We’ve done about as much homework on this as we can by ourselves. What am I missing?

Thanks,
Softmints

1 Like

Hi @Softmints, were you able to get any further with this? In the past I’ve debugged running linux dedicated server by running WSL (Windows Subsystem Linux) and connecting to the debugger via Visual Studio/Visual Studio Code https://code.visualstudio.com/docs/remote/wsl-tutorial

However, this is not debugging core dumps which is what you want. I recommend getting yourself setup to debug core dumps with a known stack/setup first by doing something like this:

  1. Install WSL or hop on an Ubuntu machine
  2. Compile debug Linux dedicated server which should leave symbols intact
  3. Transfer over any assets you need so you can run the Linux dedicated server (sounds like you already have these)
  4. Run the dedicated server manually and force a crash using the sys_crashtest console command. This way you know what the call stack should look like and the location of the code.

That should give you a build that has debug symbols and a core to debug with gdb directly or try with Visual Studio/Visual Studio Code. Supposedly VS Code has a coreDumpPath launch config setting you can point at a core dump, but I haven’t used that yet.

Let me know how it goes, I’ve been meaning to lay out some exact steps, but have been caught up in Windows land.

Thanks for the prompt reply @petrocket.

We’ve been using the debug build on linux throughout, and had no problem reproducing crashes. The new information I can share is that we managed to get information out of the raw call stack using a 13-year-old python script based on addr2line, with some modifications to handle .so output in the backtrace. (We run this on the /user/log/crash.log file.)

# After line 114:
is_so = text.find('.so') > 0
if is_so:
    self.addr = text[f+1:b-1] 

Therefore, the debug symbols exist (as one would expect from the -g compiler flag), but backtrace_symbols_fd() can’t grab them to output the function names and line numbers in a single convenient step. Official documentation suggests -rdynamic or clang equivalent would be enough—and I stress that it was enough in LY 1.12—but not in 1.22+.

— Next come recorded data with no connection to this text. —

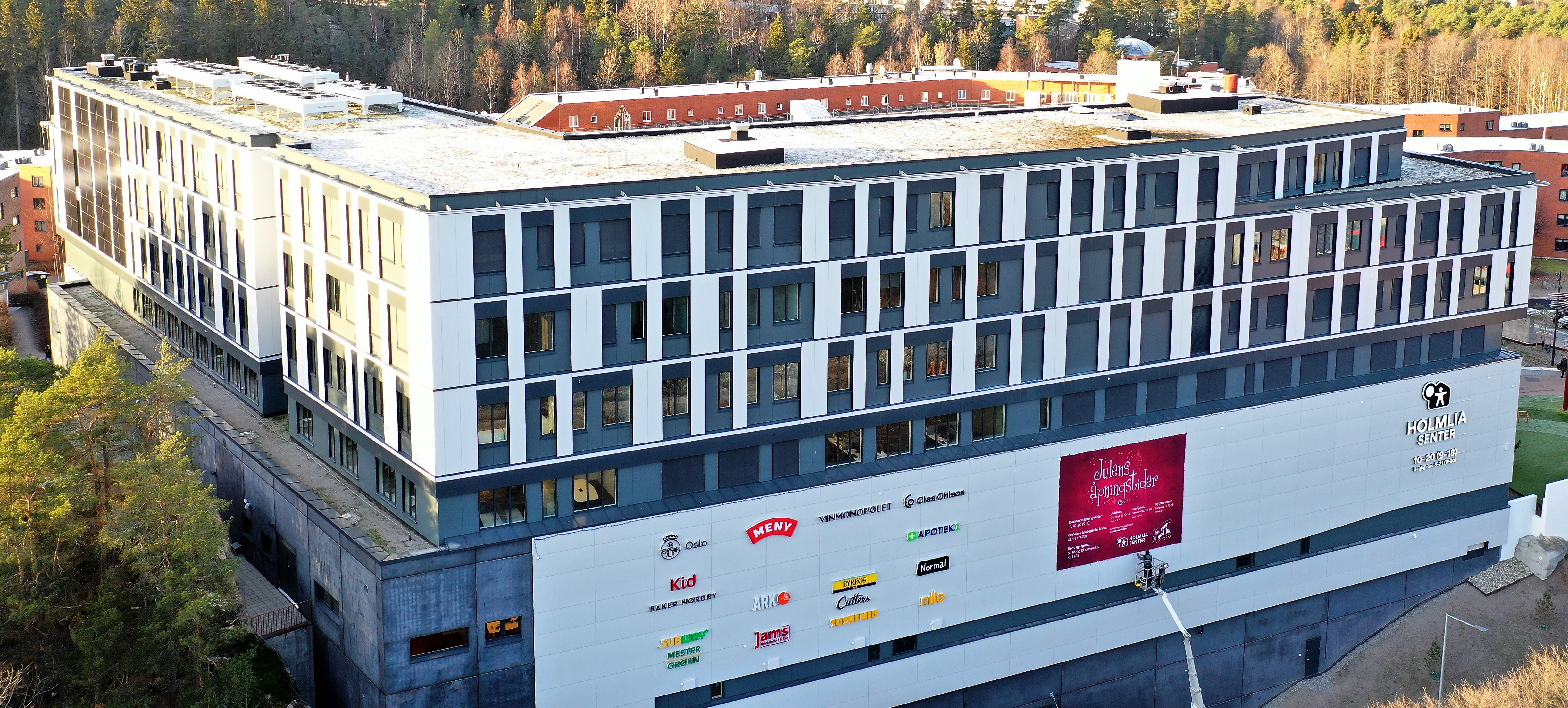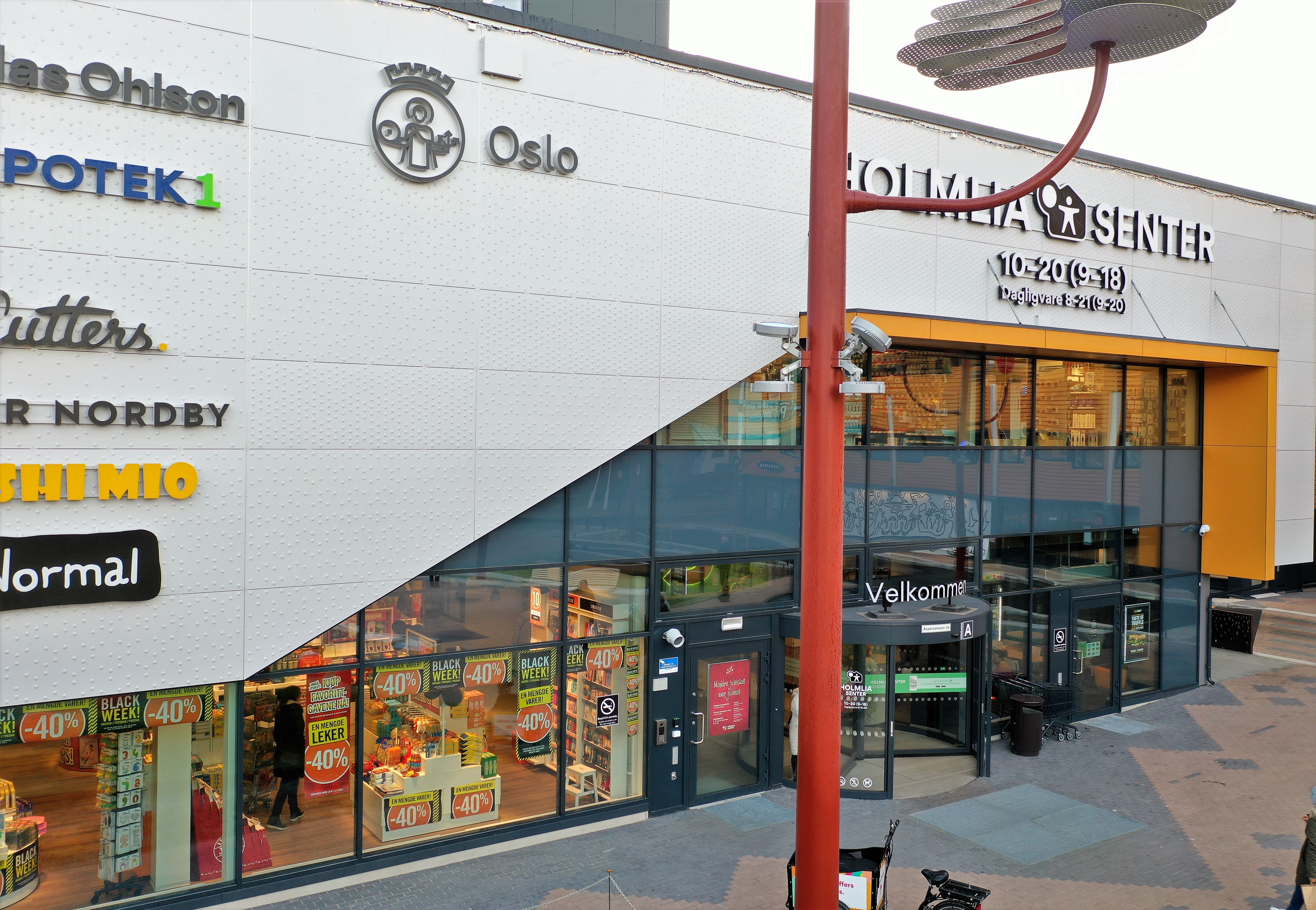 Till detta köpcentrum i Oslo har Alumeco Norge levererat skivor, både plana och präglade i 3 olika kulörer från STACBOND.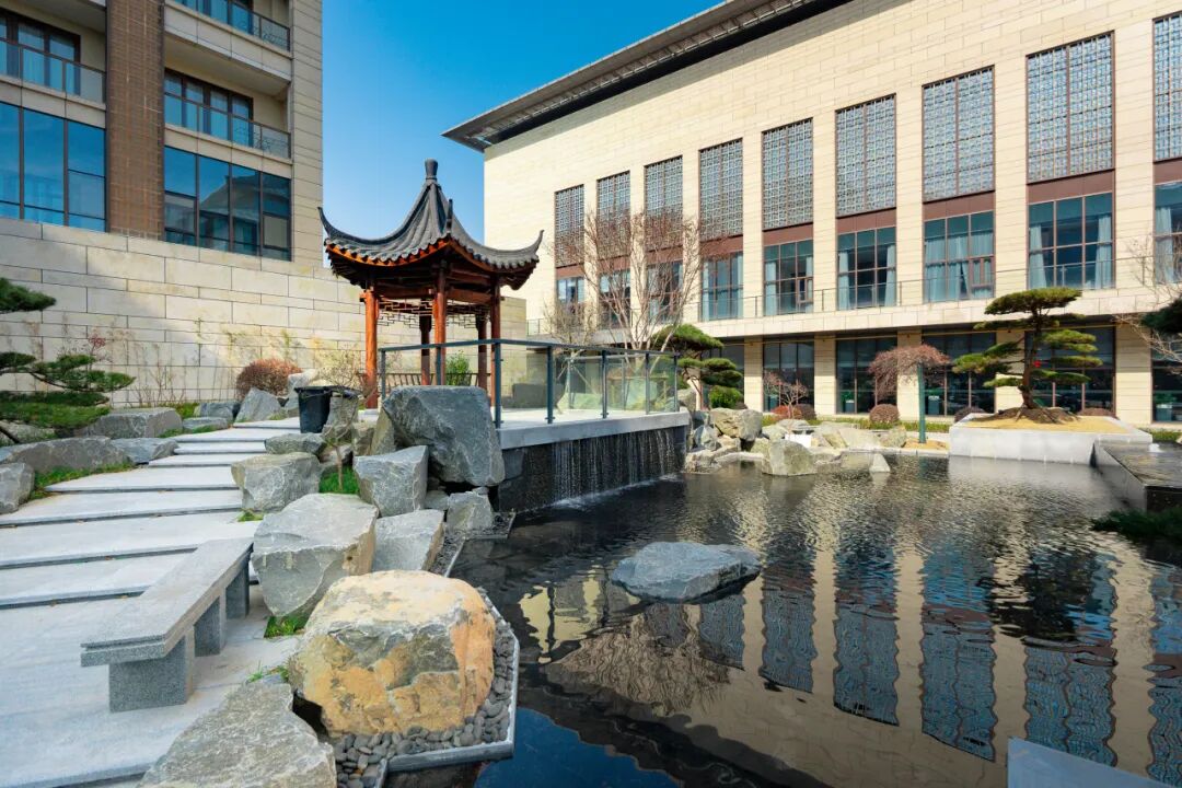 与蝶湖公园一路之隔,酒店内部更自带一方内湖,两侧回廊婉转相连,亭台错落、假山叠翠、松木掩映,与酒店汉唐风韵的建筑相映成景,东方美学的大气与园林诗意在此浑然一体,四季风韵各有千秋。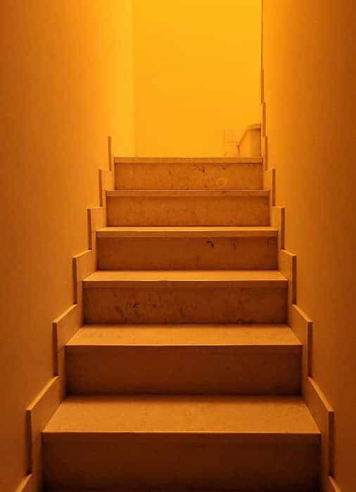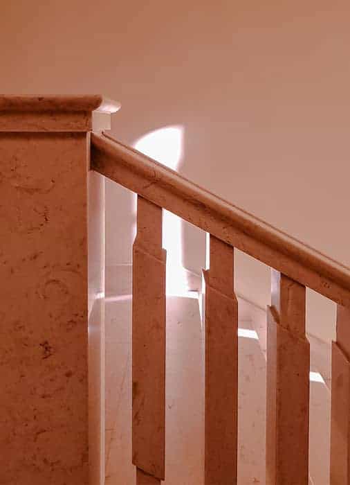 Pink marble staircase and handrail. One of the most beautiful things about the villa is how the light plays on the interior.

We have used that python script to uncover and solve the immediate bugs affecting us. I don’t consider it a solution, but it is a workaround.

I don’t know how other LY customers are handling the situation but if there were an easy fix for clean backtrace information I’m sure it would be a value add. Perhaps someone on the GameLift team knows more?

I have seen some linux server crashes which left neither logging nor backtrace, so WSL + VSCode might be an option for chasing those and I appreciate the suggestion. Thanks again for your time.

1 Like

Hi @Softmints, thanks for the update! Did you try setting ‘fvisibility=default’ in common.clang.json? or possibly in just the launcher like we do for android in dev/Code/LauncherUnified/Platform/Android\wscript?

 android_cflags              = ['-fvisibility=default'],

Hi @petrocket,

We did try removing that flag, which appeared to result in the main thread of the server process locking up after gems had loaded (according to the server log). As I understand it, removal of that flag is equivalent to declaring it as default on linux.

It didn’t work for us, but perhaps it would work with default LY. There is always the possibility that something about our setup is interfering.